Beethoven’s Third Symphony represents a quantum leap within the composer’s oeuvre as it does in the history of music in general. The sheer size of the work—almost twice the length of the average 18th-century symphony—was a novelty, to say nothing of what amounted to a true revolution in musical technique and, even more importantly, in musical expression.

Music had never before expressed the idea of struggle in such a striking way.  Beethoven's encroaching deafness is surely part of the reason why that idea took center stage in the composer's thinking at the time, and it is fair to assume that his physical affliction had more than a little to do with the spectacular change that Beethoven’s style underwent in what would eventually be called his “heroic” period.  Yet in the case of the Third Symphony, the personal crisis was compounded by the dramatic political events of the day, and in particular by Beethoven’s ambivalent relationship with the leading political figure of the era—Napoleon Bonaparte.

Beethoven was at the impressionable age of 18 when the French Revolution broke out, and his letters from the 1790s attest to his support of the republican cause.  Like many intellectuals of his time, he was fascinated by the reforms Napoleon introduced as First Consul.  At the same time, he despised tyranny in all its forms, and when Napoleon crowned himself Emperor, he felt that the ideals of the revolution had been betrayed.  He had planned to dedicate his new symphony to Bonaparte, but, according to the well-known story, he flew into a wild rage when he heard the news of the coronation.  He tore up the title page, replacing the dedication with a new inscription that was more impersonal but also more universal:  Sinfonia Eroica, composta per festeggiare il Sovvenire di un grand Uomo, or “Heroic Symphony, composed to celebrate the memory of a great man.”

The Third Symphony proceeds from intense drama to the final victory.  The opening “Allegro con brio” is Beethoven’s longest symphony movement aside from the finale of the Ninth.  In it, some of the basic procedures of Classical sonata form (presentation and transformation of themes; traversal of various keys before a return to the initial tonality) are carried to a point where they take on an entirely new meaning:  they become elements of a drama of unprecedented intensity.  The themes are shorter than in most earlier symphonies and more open-ended, lending themselves particularly well to modifications of various sorts.  It is by transforming, dismembering and reintegrating his motifs that Beethoven expresses the idea of struggle that is so unmistakably present throughout this movement.  

The second movement bears the title Marcia funebre (“Funeral March”).  The music begins softly and rises to a powerful, dramatic climax.  After some extensive contrapuntal development in the middle of the movement, the main theme’s final return is interrupted by rests after every three or four notes, as if the violins were so overcome by grief that they could barely play the melody.

In the third and fourth movements, Beethoven managed to ease the feeling of tragedy without letting the tension subside.  The third-movement Scherzo begins with two notes repeated in an undertone that evolve into a theme only gradually.  In the somewhat more relaxed Trio, the three horns take center stage.  

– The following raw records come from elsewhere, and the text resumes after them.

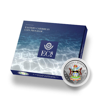Diese Ausgabe aus Antigua & Barbuda gehört zur fünften EC8 Serie mit Jahrgang 2022 und zeigt das Coat of Arms (Wappen). Es handelt sich hier um die Sammlerausgabe in Polierter Platte und aufwendig coloriert, limitiert auf nur noch 500 Stück. Die Auslieferung erfolgt im Original-Etui mit Echtheitszertifikat.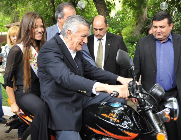 Una vez que les entregaron el cheque, el gobernador José Luis Gioja y las soberanas salieron al patio de la Casa de Gobierno en donde el máximo mandatario le entregó el Chevrolet Celta 0 km a la reina jachallera y la moto Maverick 150cc nueva a la representante de 25 de Mayo. El Gobernador aprovechó un momento a que se distrajeran los custodios y se subió a la moto junto a la Virreina para darse una vuelta por los jardines de la Casa de Gobierno y así poder estrenar la máquina que se lleva a su casa Marcela González. Algo que también hizo el año pasado, cuando se subió a la moto de la exvirreina.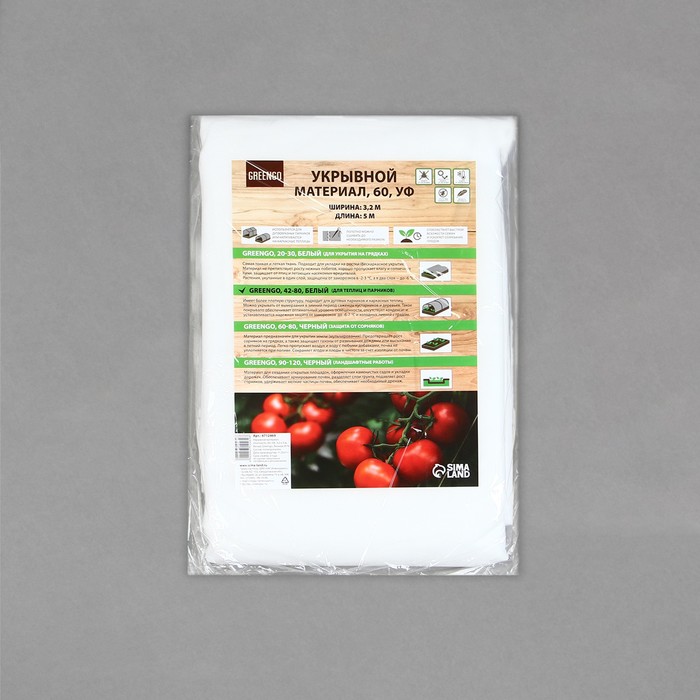 Производитель: Greengo; Габариты: 41 x 21 x 9; В боксе: 15 шт; Длина, м: 5; В рулоне: Нет; Фиксированная цена: Да; Доставка: Платная; Страна: Россия; Состав: Полипропилен; Материалы: полипропилен; Фасовка: по 1 шт; Индивидуальная упаковка: Пакет (БОПП, полиэтилен, ПВХ, дой-пак); Сертификат: Не подлежит сертификации; Цвет: Белый; Плотность, г/м²: 60; Ширина, м: 3,2; Материал: Спанбонд; Защита от ультрафиолета: Да; Назначение укрывного материала: Для укрытия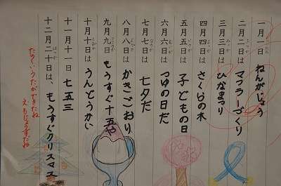 子どもたちが一人一人考えて作った日づけ歌です。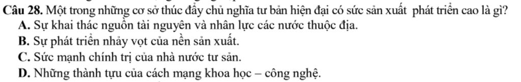 `-` Một trong những cơ sở thúc đẩy chủ nghĩa tư bản hiện đại có sức sản xuất phát triển cao là những thành tựu của cách mạng khoa học – công nghệ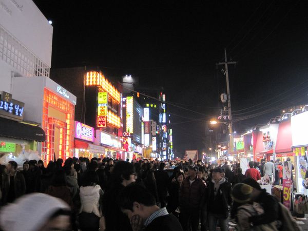 商业区的街道很吸引人,护肤品店,化妆品店一家接一家,价格也不贵。餐馆更是热闹,年轻人们三五成群地聚在一桌上吃着香气四溢的烤内,喝着一口口的清酒。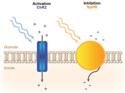 Рис. 3. Принцип светоопосредованного контроля нейронной активности. Обычно используется активация опсина-каналродопсина2 (ChR2), позволяющая вводить положительно заряженные ионы при освещении синим светом. В результате мембрана нейрона деполяризуется и генерируются потенциалы возбуждения. Замедляющий опсин - галорходопсин (NpHR) возбуждает отрицательно заряженные ионы при освещении жёлтым светом. В результате мембрана нейрона гиперполяризуется и потенциал возбуждения тормозится.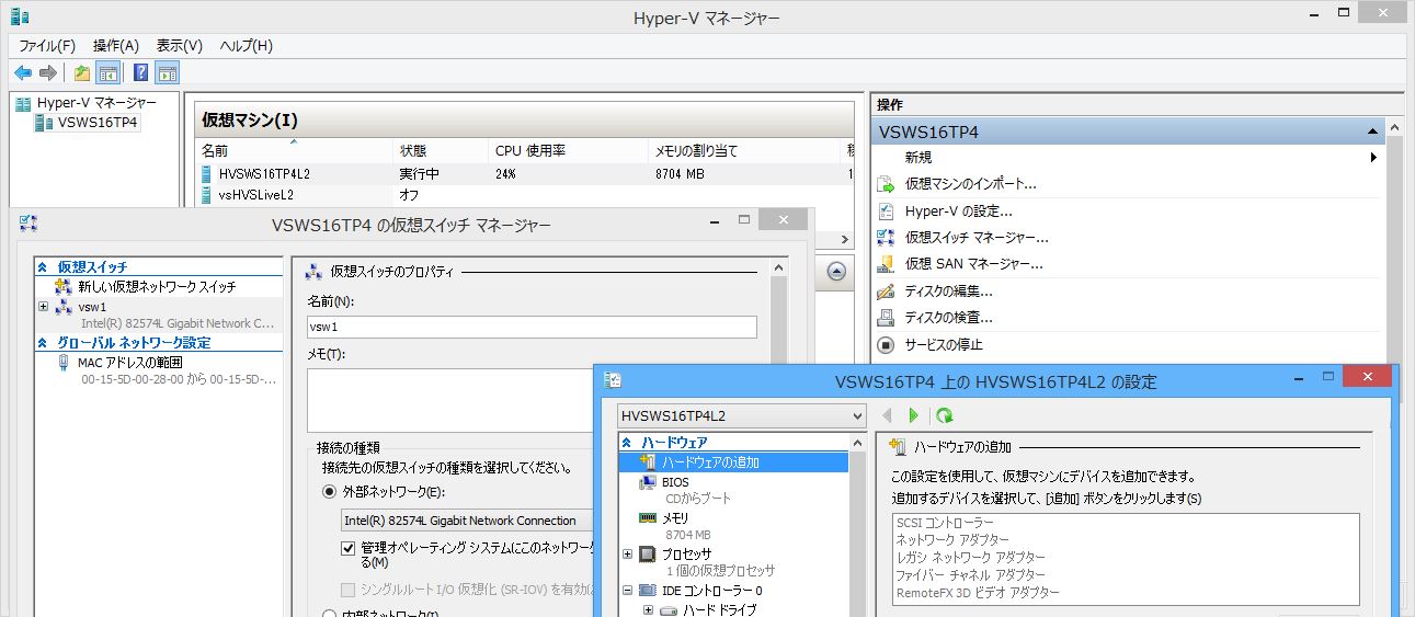 | 第1レベルの仮想Hyper-Vホスト (ESXi上の仮想マシン) | Hyper-V Server 2016 TP4 | ||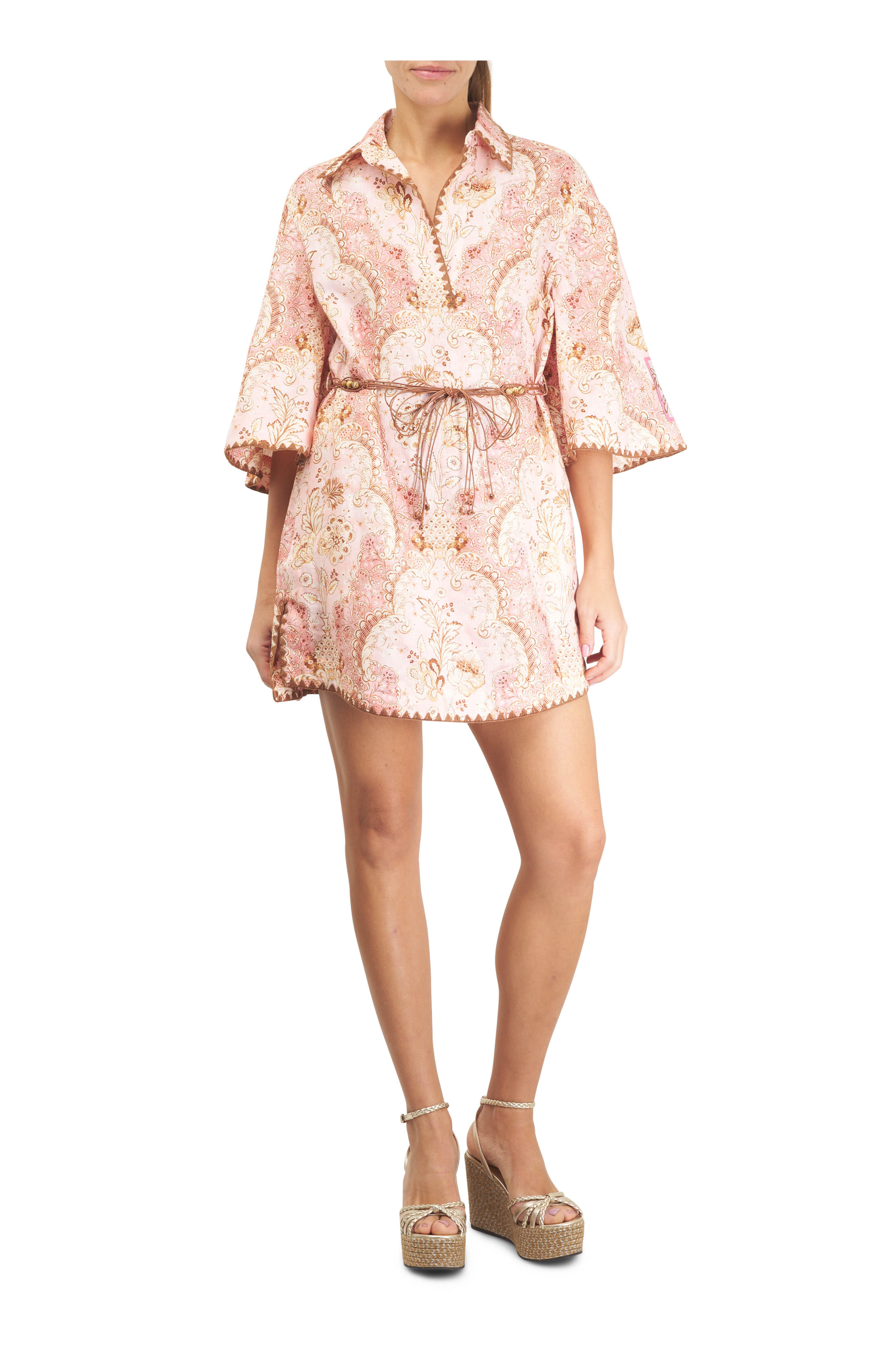Collared. Slip on style. Beaded rope tie belt. Three-quarter flared sleeves. Vented hem. Imported. Shoulder to hem 33" (size S). 100% Linen. Dry clean.

The main theme of the last movement appears in no fewer than four of Beethoven's compositions.  We first hear it in a simple contra-dance for orchestra, then in the last movement of the ballet The Creatures of Prometheus (both in 1800-01), followed by the Variations for Piano, Op. 35 (1802), and lastly, in the Third Symphony.  The elaborate set of variations in the “Eroica” finale are integrated into a single, continuous musical progression.  There is a minor-key variation with a distinct Hungarian flavor, and another one that turns the contra-dance theme into a slow aria.  An enormous crescendo leads to the short Presto section that ends the symphony.